**Problem statement**
Retype the material that follows exactly, limited to the lines from the one with "SP61, MAZDA, NEW" through the one with "16 The State", and keep out all pictures.

:: Provided entries ::

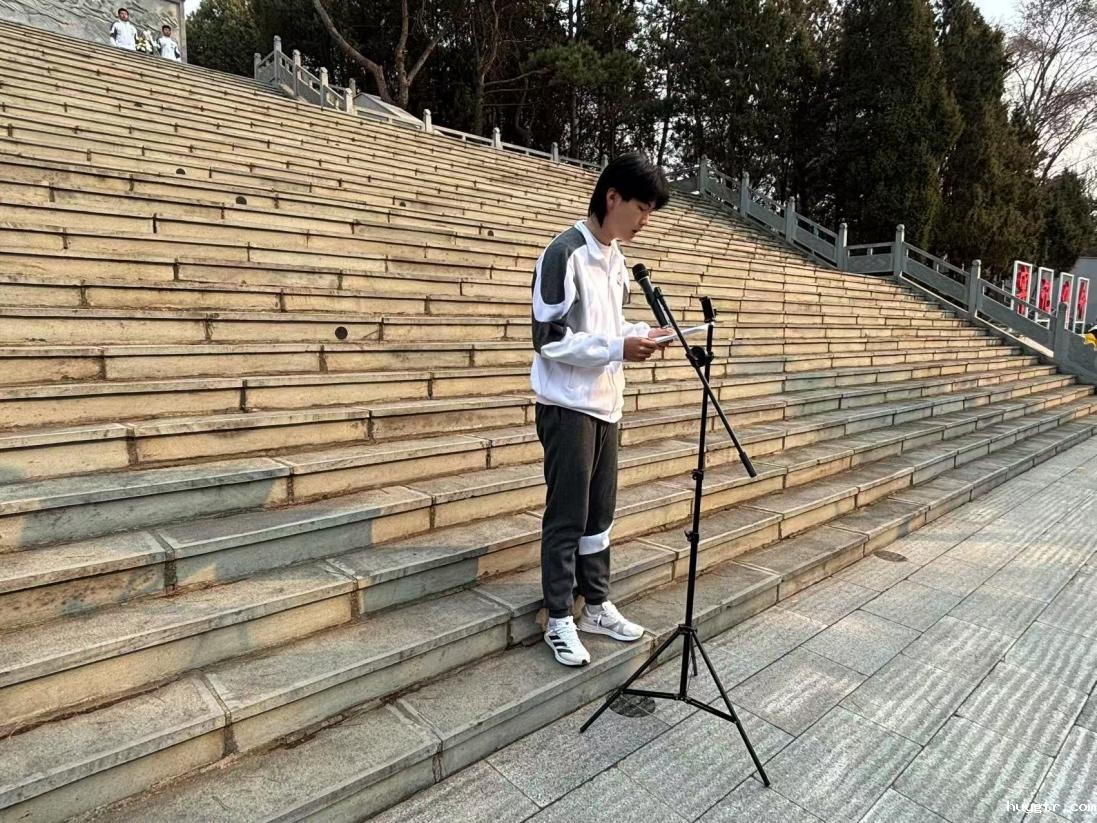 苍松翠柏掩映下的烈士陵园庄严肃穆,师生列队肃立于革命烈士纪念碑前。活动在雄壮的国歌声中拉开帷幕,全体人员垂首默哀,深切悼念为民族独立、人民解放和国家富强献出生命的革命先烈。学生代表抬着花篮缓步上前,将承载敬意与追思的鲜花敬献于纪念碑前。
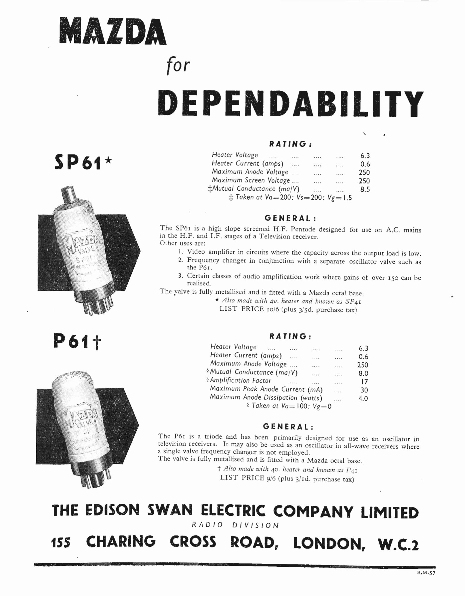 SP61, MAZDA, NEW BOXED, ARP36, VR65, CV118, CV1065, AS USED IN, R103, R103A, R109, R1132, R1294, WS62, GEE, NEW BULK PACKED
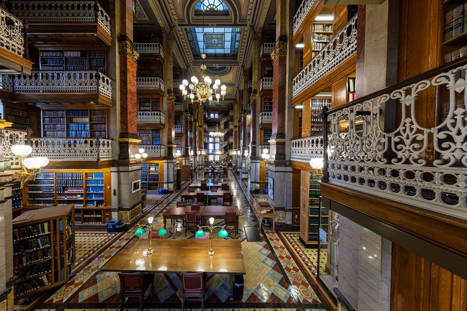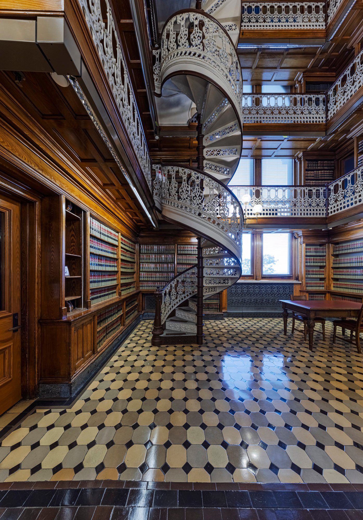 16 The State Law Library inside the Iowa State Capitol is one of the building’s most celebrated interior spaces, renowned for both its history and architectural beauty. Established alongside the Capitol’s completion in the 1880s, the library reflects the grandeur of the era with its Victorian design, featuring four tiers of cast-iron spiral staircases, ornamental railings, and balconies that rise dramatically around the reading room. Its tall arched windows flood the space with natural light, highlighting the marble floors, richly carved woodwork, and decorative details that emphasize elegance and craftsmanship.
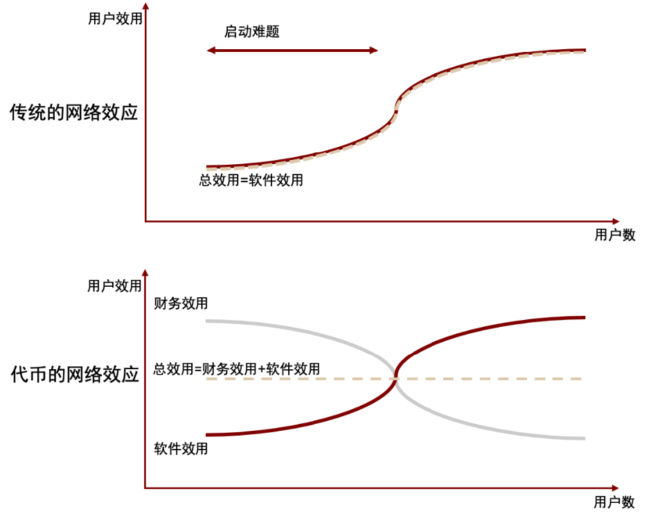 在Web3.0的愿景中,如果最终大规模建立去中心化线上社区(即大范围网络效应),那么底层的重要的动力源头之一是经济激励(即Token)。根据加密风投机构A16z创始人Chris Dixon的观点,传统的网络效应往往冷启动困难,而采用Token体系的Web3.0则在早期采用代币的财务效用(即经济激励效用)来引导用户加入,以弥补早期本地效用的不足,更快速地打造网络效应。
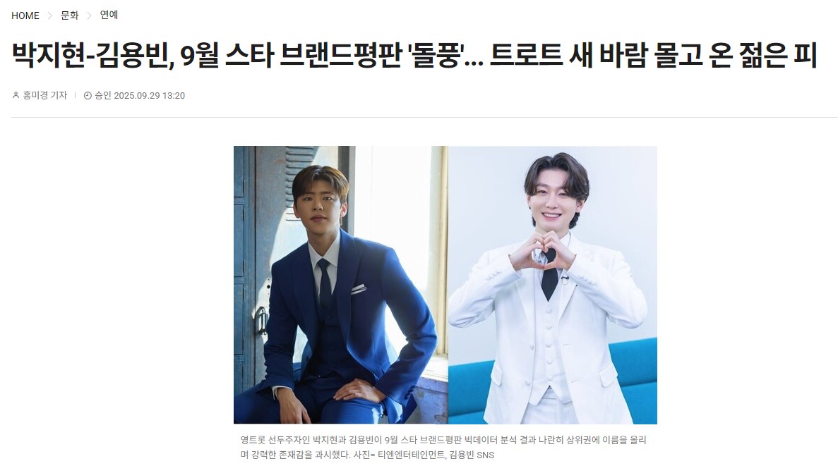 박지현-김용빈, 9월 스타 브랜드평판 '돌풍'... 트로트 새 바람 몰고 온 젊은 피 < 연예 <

:::

**Written answer**
 SP61, MAZDA, NEW BOXED, ARP36, VR65, CV118, CV1065, AS USED IN, R103, R103A, R109, R1132, R1294, WS62, GEE, NEW BULK PACKED
 16 The State Law Library inside the Iowa State Capitol is one of the building’s most celebrated interior spaces, renowned for both its history and architectural beauty. Established alongside the Capitol’s completion in the 1880s, the library reflects the grandeur of the era with its Victorian design, featuring four tiers of cast-iron spiral staircases, ornamental railings, and balconies that rise dramatically around the reading room. Its tall arched windows flood the space with natural light, highlighting the marble floors, richly carved woodwork, and decorative details that emphasize elegance and craftsmanship.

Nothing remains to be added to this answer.